Nevertheless, several limitations warrant consideration. First, while the dataset is diverse and representative, the model’s performance could be further improved by expanding the dataset to include a wider range of MRI images across different imaging modalities, institutions, and populations. Such variability would help the model generalize better to different patient demographics and MRI protocols, thus increasing its applicability in diverse clinical environments. Additionally, the model’s interpretability, while enhanced by Grad-CAM, could be further strengthened by exploring other explainability techniques, such as SHAP values, to provide more granular insights into the specific features influencing each prediction.
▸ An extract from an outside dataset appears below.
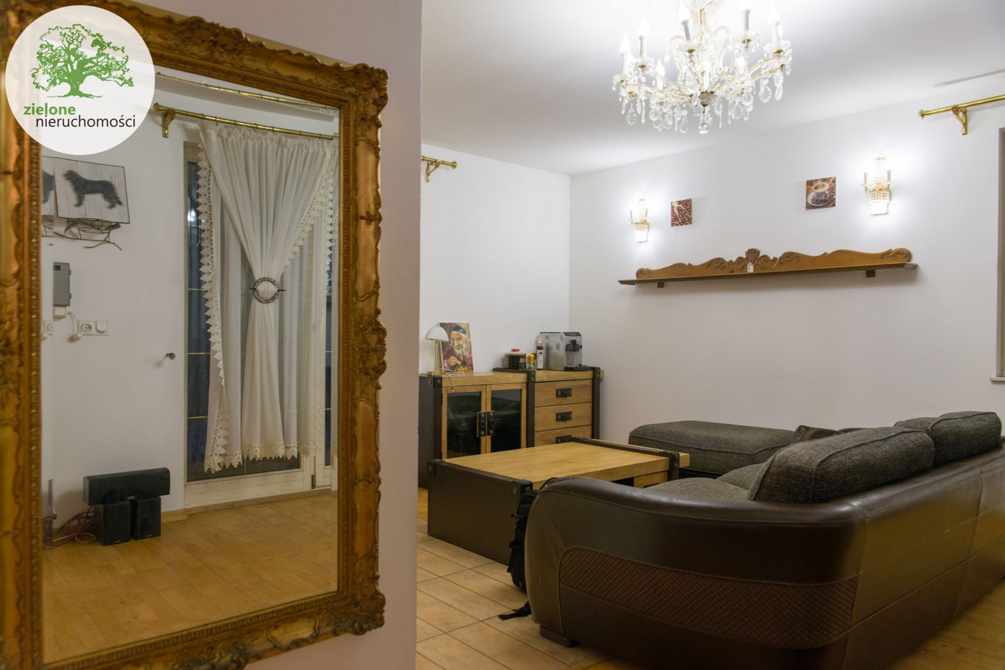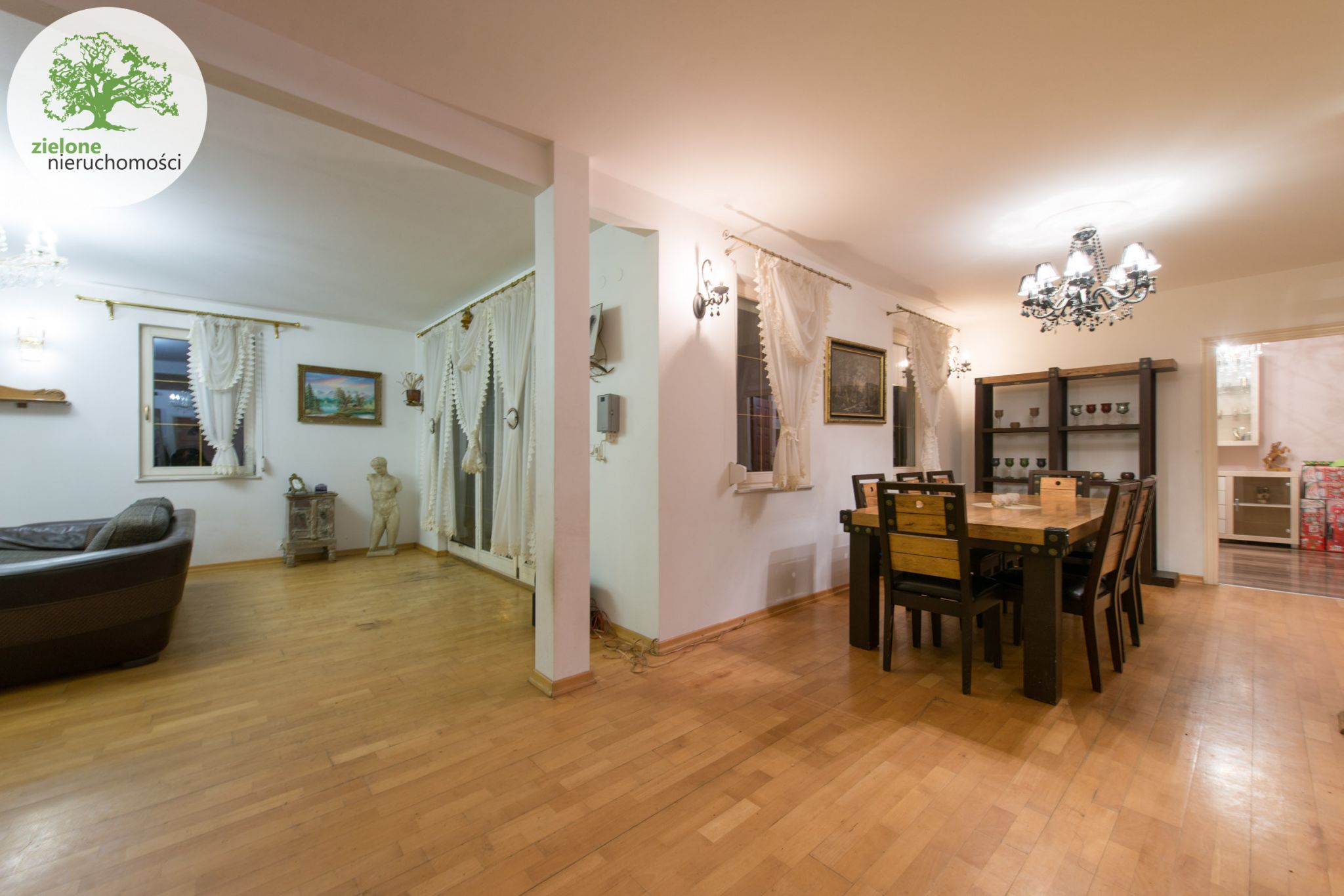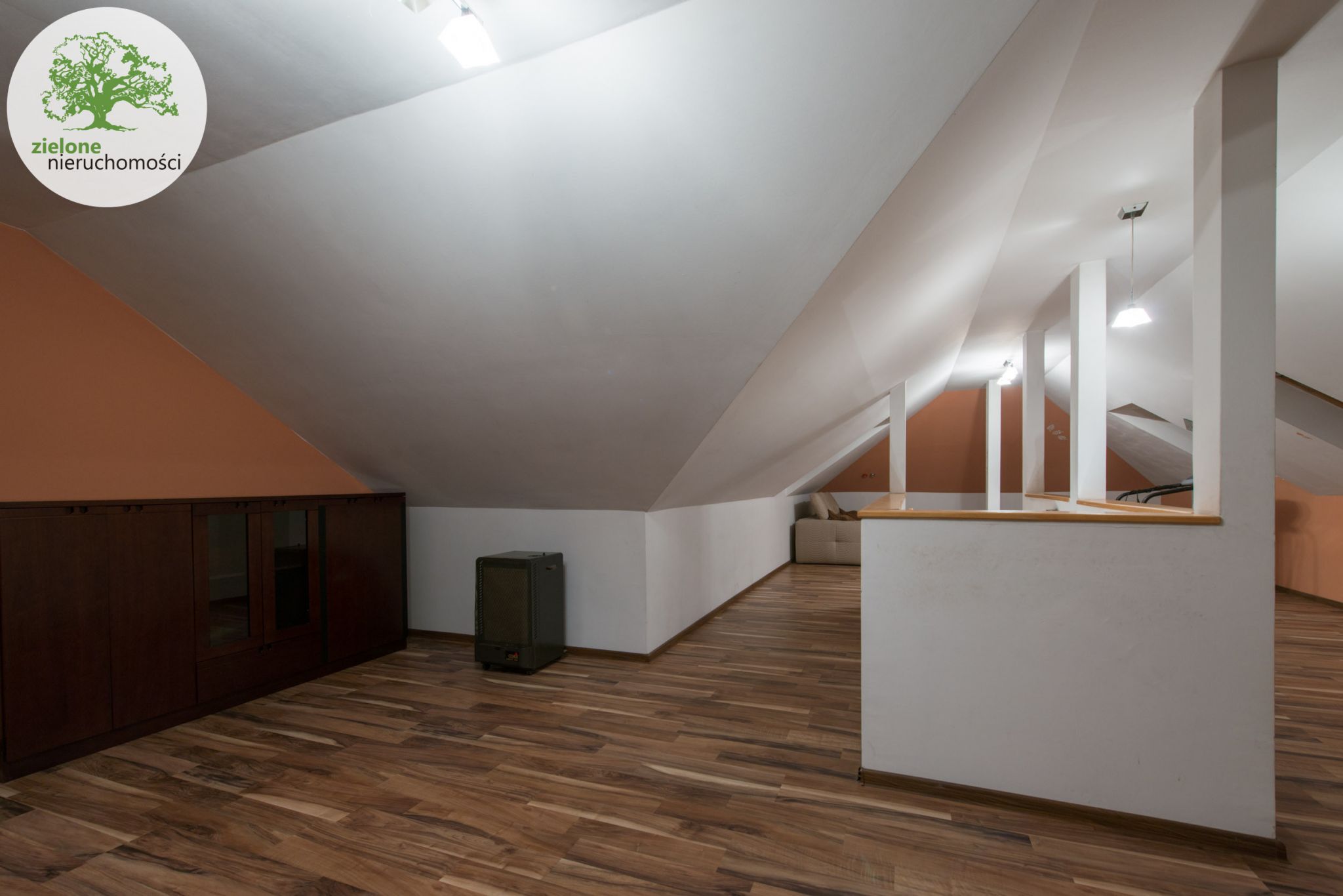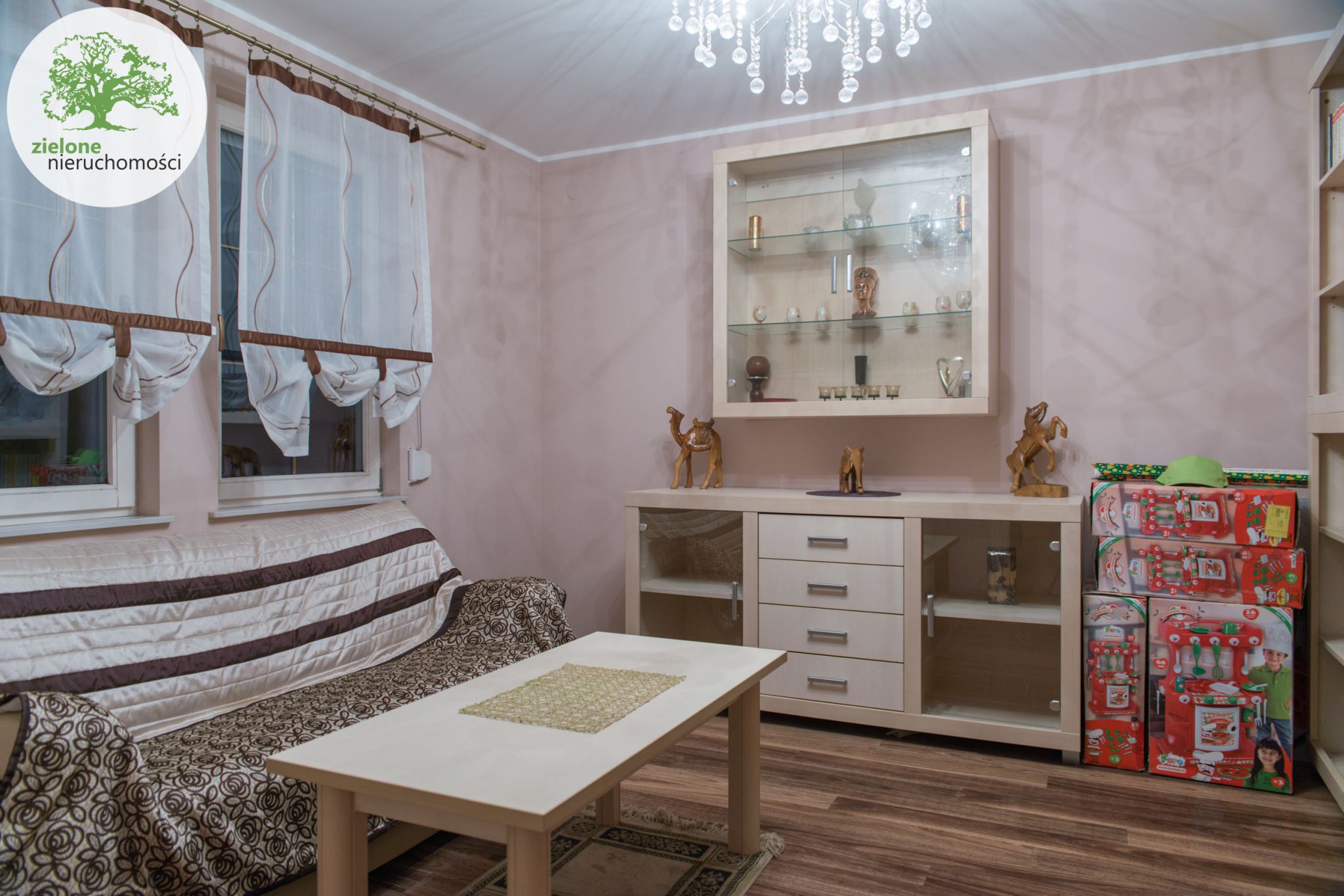 Dom jest parterowy z użytkowym poddaszem, składa się z kuchni z jadalnią, salonu z wyjściem na taras, 4 pokoi i łazienki z wanną i prysznicem. Okna drewniane wraz z roletami antywłamaniowymi

Biomedical research may be aided by the automatic segmentation of rodent brain tumors using magnetic resonance imaging and the goal of the current study is to demonstrate the viability of AI-assisted segmentation as well as the possibility of automatic segmentation by AI [
14]. In comparing our CNN model for classification with the 3D U-Net model used for segmentation, each demonstrates strengths tailored to distinct objectives within brain MRI analysis. The 3D U-Net model specializes in tumor segmentation, precisely delineating tumor boundaries and measuring spatial volumes. This makes it particularly suitable for research settings where standardizing measurements across datasets is critical, such as monitoring tumor progression or assessing treatment effects. Furthermore, the 3D U-Net's resilience to noise and ability to reduce inter-observer variability reinforce its utility in studies requiring reproducible segmentation results. Conversely, our CNN model excels in classification by accurately categorizing MRI images into conditions like glioma, meningioma, or normal tissue. This classification approach is highly advantageous for clinical settings, where rapid, reliable diagnoses are essential. Additionally, interpretability features such as heatmaps in our model enable clinicians to visualize areas most relevant to the classification decision, adding transparency and aiding diagnostic confidence. Thus, while the 3D U-Net model is optimal for precise tumor delineation and volumetric assessment, our CNN model is better suited for diagnostic classification, offering a valuable and interpretable tool in clinical decision-making.